Aaron looked up at him quickly. But almost before there was time to speak, Lilly had slipped into his hat and coat, seized his letters, and gone.
It was a rainy night. Lilly turned down King Street to walk to Charing Cross. He liked being out of doors. He liked to post his letters at Charing Cross post office. He did not want to talk to Aaron any more. He was glad to be alone.
He walked quickly down Villiers Street to the river, to see it flowing blackly towards the sea. It had an endless fascination for him: never failed to soothe him and give him a sense of liberty.
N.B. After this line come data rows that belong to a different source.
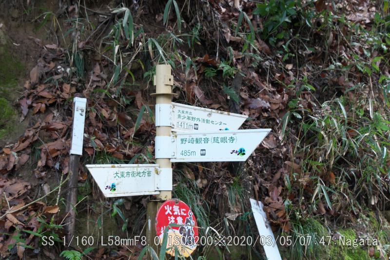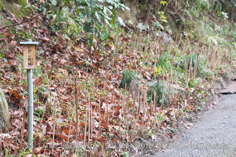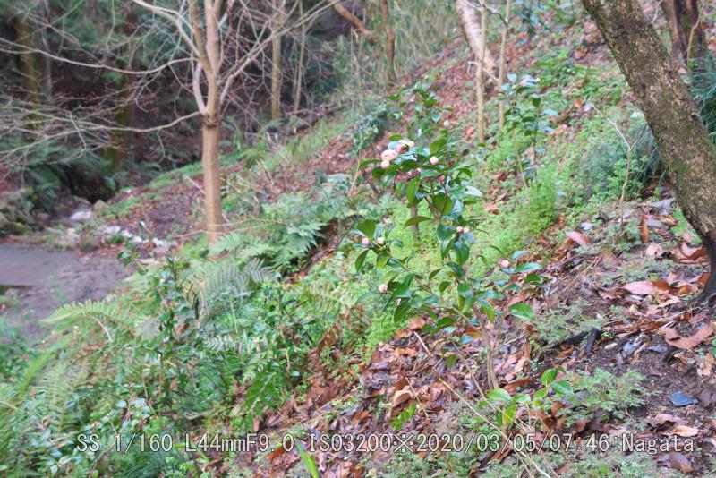 野崎観音さんへ下るコース分岐。ヒガン花坂と名付けられて彼岸花やゲンノショウコが植えられていた。オトメツバキを植えた主が整備したようだ。落ち葉を掃除したり雑草を刈っている主を時々見かける。感謝です。
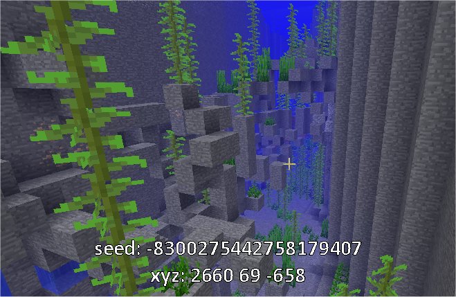 I found underwater ravines with caves partially formed inside them, just hanging in the water. Some seem to be more of a random grouping of blocks, but others are actually cave shaped. (See pics.)
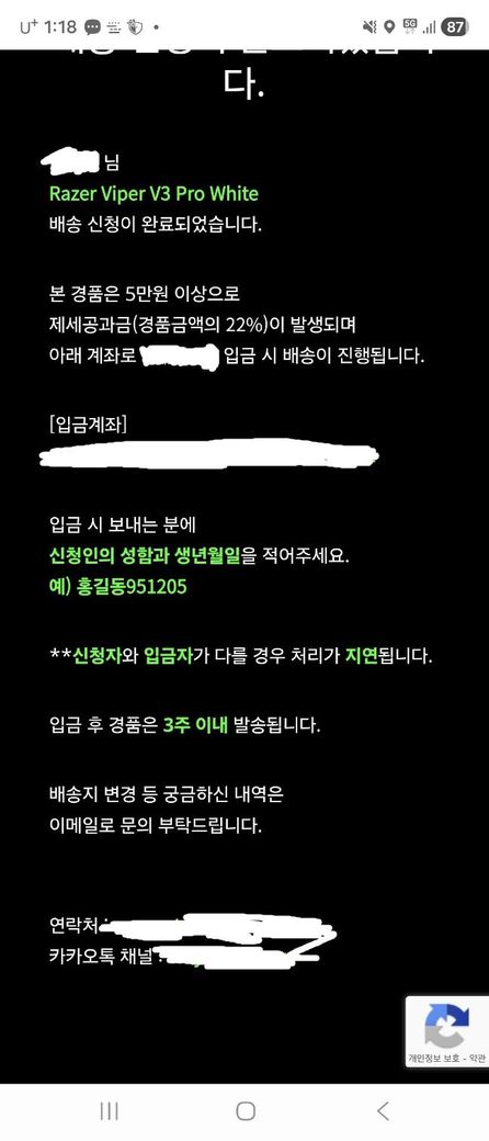 그러고 한달 넘게 지났는데 경품이 안왔습니다.

He liked the night, the dark rain, the river, and even the traffic. He enjoyed the sense of friction he got from the streaming of people who meant nothing to him. It was like a fox slipping alert among unsuspecting cattle.
When he got back, he saw in the distance the lights of a taxi standing outside the building where he lived, and heard a thumping and hallooing. He hurried forward.
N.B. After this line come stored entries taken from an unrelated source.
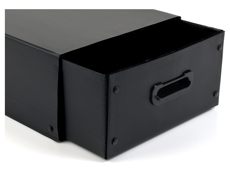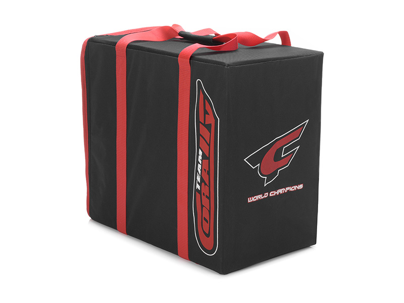 Přepravní taška se dvěma šuplíky pro přepravu příslušenství k RC autům nebo jeho příslušenství. Rozměr šuplíku 30 x 48 x 15 cm, rozměr tašky je 54 x 51 x 33 cm. Šuplíky jsou vyrobeny z plastového kartonu. Úchyty šuplíků jsou vyrobeny z plastového výlisku. Každý šuplík je vsazen do kartónového obalu, čímž je zamezeno jeho vysypání.
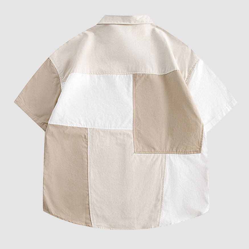 Simple Contrast Patchwork Shirts
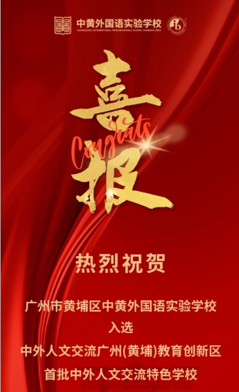 热烈祝贺中黄外国语实验学校入选中外人文交流广州(黄埔)教育创新区首批中外人文交流特色学校!

It was a man called Herbertson.
"Oh, why, there you are!" exclaimed Herbertson, as Lilly drew near. "Can I come up and have a chat?"
"I've got that man who's had flu. I should think he is gone to bed."
"Oh!" The disappointment was plain. "Well, look here! I'll just come up for a couple of minutes." He laid his hand on Lilly's arm. "I heard you were going away. Where are you going?"
"Malta."
"Malta! Oh, I know Malta very well. Well now, it'll be all right if I come up for a minute? I'm not going to see much more of you, apparently." He turned quickly to the taxi. "What is it on the clock?"
The taxi was paid, the two men went upstairs. Aaron was in bed, but he called as Lilly entered the room.
"Hullo!" said Lilly. "Not asleep? Captain Herbertson has come in for a minute."
"Hope I shan't disturb you," said Captain Herbertson, laying down his stick and gloves, and his cap. He was in uniform. He was one of the few surviving officers of the Guards, a man of about forty-five, good-looking, getting rather stout. He settled himself in the chair where Aaron had sat, hitching up his trousers. The gold identity plate, with its gold chain, fell conspicuously over his wrist.
"Been to 'Rosemary,'" he said. "Rotten play, you know—but passes the time awfully well. Oh, I quite enjoyed it."
Lilly offered him Sauterne—the only thing in the house.
"Oh, yes! How awfully nice! Yes, thanks, I shall love it. Can I have it with soda? Thanks! Do you know, I think that's the very best drink in the tropics: sweet white wine, with soda? Yes—well!— Well now, why are you going away?"
"For a change," said Lilly.
"You're quite right, one needs a change now the damned thing is all over. As soon as I get out of khaki I shall be off. Malta! Yes! I've been in Malta several times. I think Valletta is quite enjoyable, particularly in winter, with the opera. Oh—er—how's your wife? All right? Yes!—glad to see her people again. Bound to be— Oh, by the way, I met Jim Bricknell. Sends you a message hoping you'll go down and stay—down at Captain Bingham's place in Surrey, you know. Awfully queer lot down there. Not my sort, no. You won't go down? No, I shouldn't. Not the right sort of people."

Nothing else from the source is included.